# Cherry wood a little aggressive for cheese?  Mine was pretty smokey...



## viper (Dec 31, 2010)

After doing some smoking with cherry wood, I am not sure I really like the flavor of it.  Just a little off for me maybe.  Is there a sweeter or lighter wood that would go better with cheese and poultry?  I ran extra sharp cheddar and colby and then did a little test with cream cheese. 

I am running about 60-80F.  I put 1:20 on the firm blocks of cheese and 30 min on the cream cheese.  I think it is the actual smoke flavor that does not excite me... 
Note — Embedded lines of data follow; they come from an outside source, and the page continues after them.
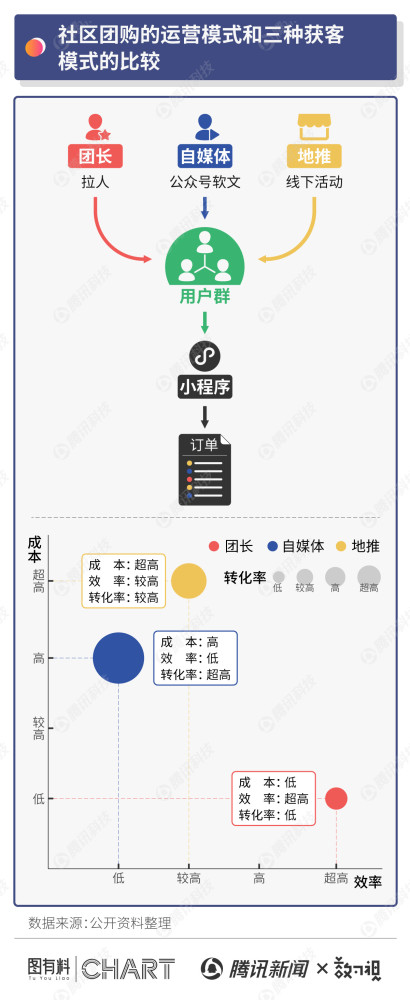 团长的推荐机制也是有两种。一种是团长和一手品牌方合作,一种是和团购平台的合作。现在的团购平台,基本上都会有几个点的返点给团长,从5个点到15个点,产品不同,返点也不一样,也有的平台直接给出一刀切的返点,比如全部都是10%。品牌方这一块是做推广,试吃由品牌方来提供,免费来试吃,卖出去的产品,会相应给到团长一些分红。 在社区团购当中,团长最重要的作用,一个是引导消费,另外一个就是服务。因为团长在社区里面,除了帮大家带货去团产品之外,还有一个筛选的功能,他对这个小区里面人的了解程度,要比平台的大数据还要详细:谁什么时间段在家,有可能需要什么……做的好的团长能够清楚地记得,谁可能会用到什么东西。 对于团购平台来说,团长的优势在于,如果用地推的话,成本很高。以北京的地推人员为例,一个人一天的工资,大概需要150-200元。地推完之后,还得有人持续做运营,还需要提货点。但像宣传和维护客户以及提货点,团长一个人就能够搞定的,并且只需要一定的返现就可以了。 但如果全部用自家员工的话,涉及到的人力和物力,根本支撑不起来。所以平台只能在运营前期,安排一些人去做地推,吸引客户,让客户入驻,并且对平台有认知,这样是可以的。如果说持续靠地推把这个平台做起来,现在不太现实。 大多数团长都会有正式的工作,只是兼职去做这件事情,所以很少有人全职当团长,更多是当成一种兼职,除非说自己想运营平台的,或者有那么几款爆品,做火了之后足够支撑所有的开销。 团长一旦开始用心去做社区团购的话,他会从多方面运营维护小区的居民。因为一旦社区团购建立起来之后,按照一家三口来算的话,500人的微信群就覆盖1500人甚至更多。这个时候,家庭会有其他的需求,比如说家里面有点什么事,需要帮个忙,有的时候就会找团长。还有的家里面有一些二手的东西想要卖出去,或者说想买二手货,但是又不想通过闲鱼这些二手平台,都可以通过团长撮合。需要一个二手桌椅、板凳,如果小区里面就有的话,肯定不会舍近求远开车去拉。 所以社区团长的职能,除了本身靠社区团购去盈利之外,后续对于小区的运营和服务方面来讲,也会有一些成长。像在疫情特别严重的时候,当时出京需要去做核酸检测,但是去医院的话,个人又约不上,当时我们这边有一个团长,他家里面也有这种需求,后来我们几个人一商量,就跟医院合作,我们团一次。 当然,这个团购是没有利润的,就是为了帮大家解决问题的。医院安排固定时间段,安排固定的人,来给我们小区有需求的人做核酸检测,这样的话可以提高效率,相当于我们提前把需要做核酸检测的人约到一个地方,然后医院来做核酸检测。当时两三天的时间团了将近100人,这个就倾向于服务方面,而不是说靠这个东西赚多少钱。 社区团购最大的优势有价格,因为运营成本低。低在房租低,人力成本低。虽然社区团购也需要有人配送,但是一个小区所有订单都配送到一个地方,这个小区10单、100单,甚至是1000单,配送只要一个人就够了。同样是1000单,每一单都单独配送到一个地方,和1000单只配送一个点,配送成本会差的很多。 另外,社区团购平台都会在小区附近有仓库,而仓库的成本同样很低。同样地段、同等面积,仓库的租金成本,要比实体店铺的租金成本低得多,就像地下室一个仓库和一楼黄金地段的门店,它俩的租金是没法比的。 当然,也并不是社区团购肯定要比传统电商、超市和便利店要便宜,因为有的产品受限于进货渠道、配送方式以及和供应商的关系,一个团长的进货量即便稳定,总量还是有限的。同样的东西,哪怕团长是一手的货源,和一天能够走上万单的进货价格,也是没有办法比的。另外有的时候,平台还要求,团购达到多少量才会按照团的价格来,但如果达不到的话,价格相对来说会上浮。 社区团购还有一个优势,就是快。现在有些电商也有“半小时到家”这种概念,但更多的东西没有办法做到半个小时说送到就送到。社区团购平台从建立之初的定位,就是围绕社区这一块,围绕快速需求来做的。 需要注意的是,社区团购不可能覆盖所有需求。原有商超、生鲜店铺以及电商渠道,它本身的功能还在,社区团购还没有办法彻底取代。
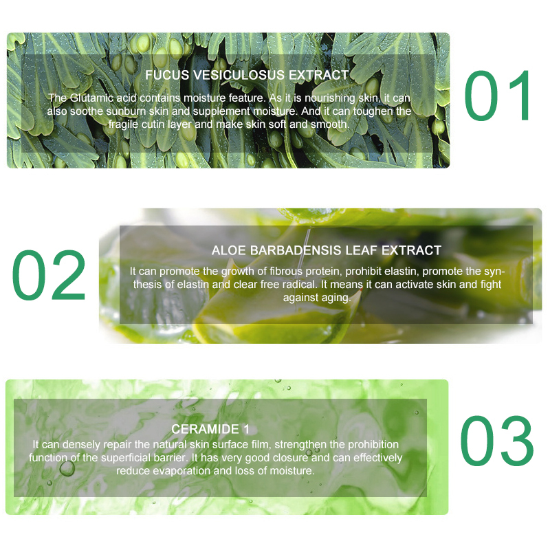 Ingredients : Butylene Glycol, Glycerin, Vitamin B5, Aloe Barbadensis Leaf Extract, Fucus Extract, Centella Asiatica Extract, Beta-Glucan, Tremella Polysaccharide, Nerve
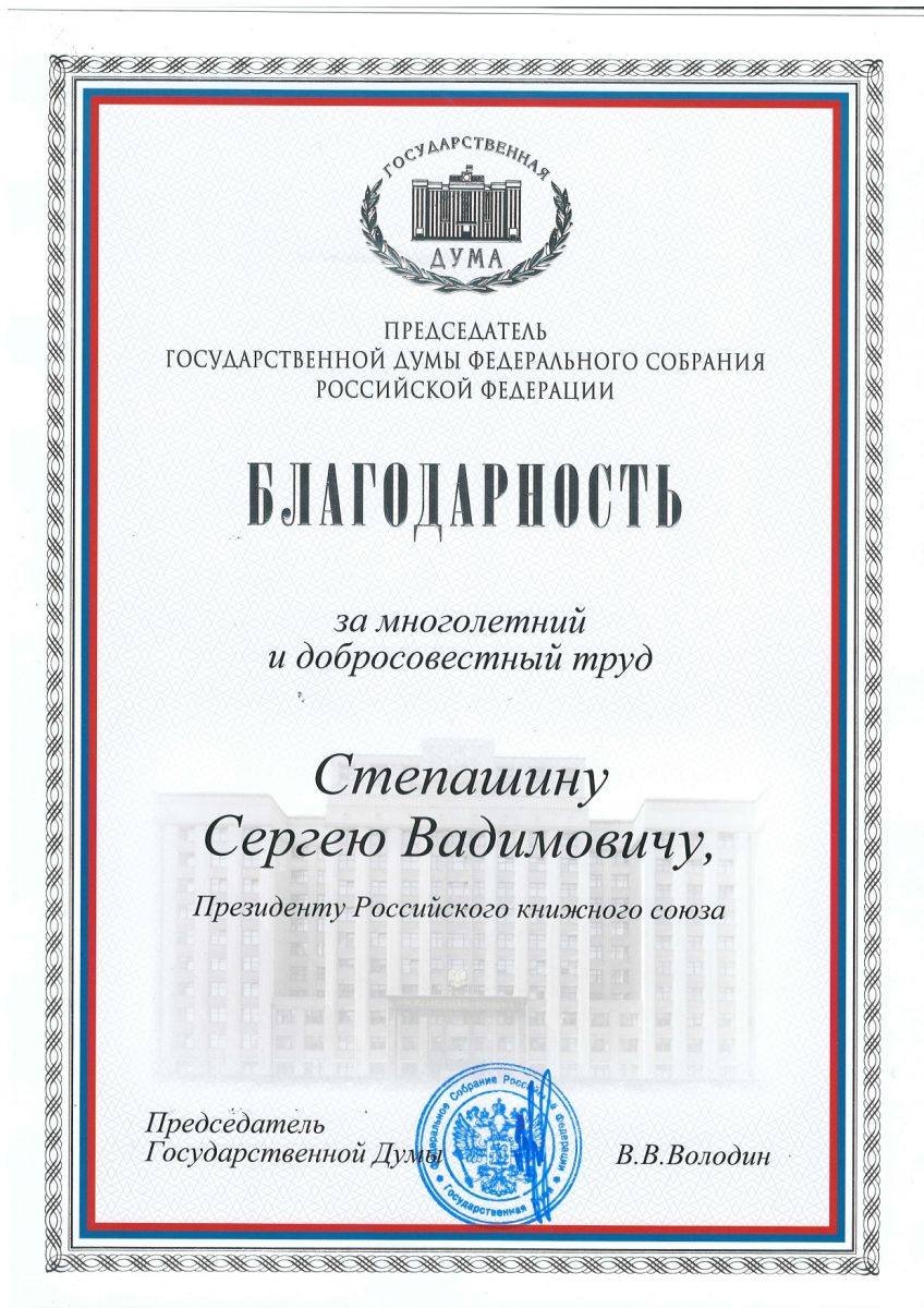 Благодарственное письмо от председателя Государственной Думы Федерального Собрания Российской Федерации Вячеслава Володина поступило в адрес президента Российского книжного союза, Председателя ИППО Сергея Степашина.

Right now I am smoking 2 chicken breasts and will probably feel the same with them....  No problem infusing smoke flavor, just ned to find the right wood...


----------



## tyotrain (Dec 31, 2010)

i like to use apple wood but than again i like the cherry also.


----------



## jjwdiver (Dec 31, 2010)

I also like either Cherry or Apple...just depends on the amount of smoke. Plus I always like the cheese a while after I've smoked it. Right away gets a bitter smoke taste to me, so I vac seal it and try, try, try to wait a couple weeks until I dip into it. Helps to do a batch, then wait a week and do another batch, etc...so I always had cheese that was "aged" the way I liked it and when I craved it I could eat it.

Good luck and if you really dont like the taste - give it away, someone will like it!


----------



## ak1 (Dec 31, 2010)

What he said. Cheese needs a 1-2 week rest after smoking to let the flavours come together.


----------



## meateater (Dec 31, 2010)

Let it rest for two weeks to Mellow. The strong taste will absorb towards the middle and become Super Cheese! I have some almost a year old and it's just getting prime.


----------



## ellymae (Dec 31, 2010)

Yep - It's gotta rest a while.


----------



## viper (Jan 1, 2011)

Is cherry wood a good selection for cheese?  Just seemed to not have that sweeter flavor I remember in some stuff I had before.  Would apple be a sweeter wood? If I wanted sweeter, what would I be looking for?


----------



## smokinstevo27 (Jan 1, 2011)

I am in love with cherry smoke, but if you don't like it apple is an excellent choice. It is milder. ( In my opinion)


----------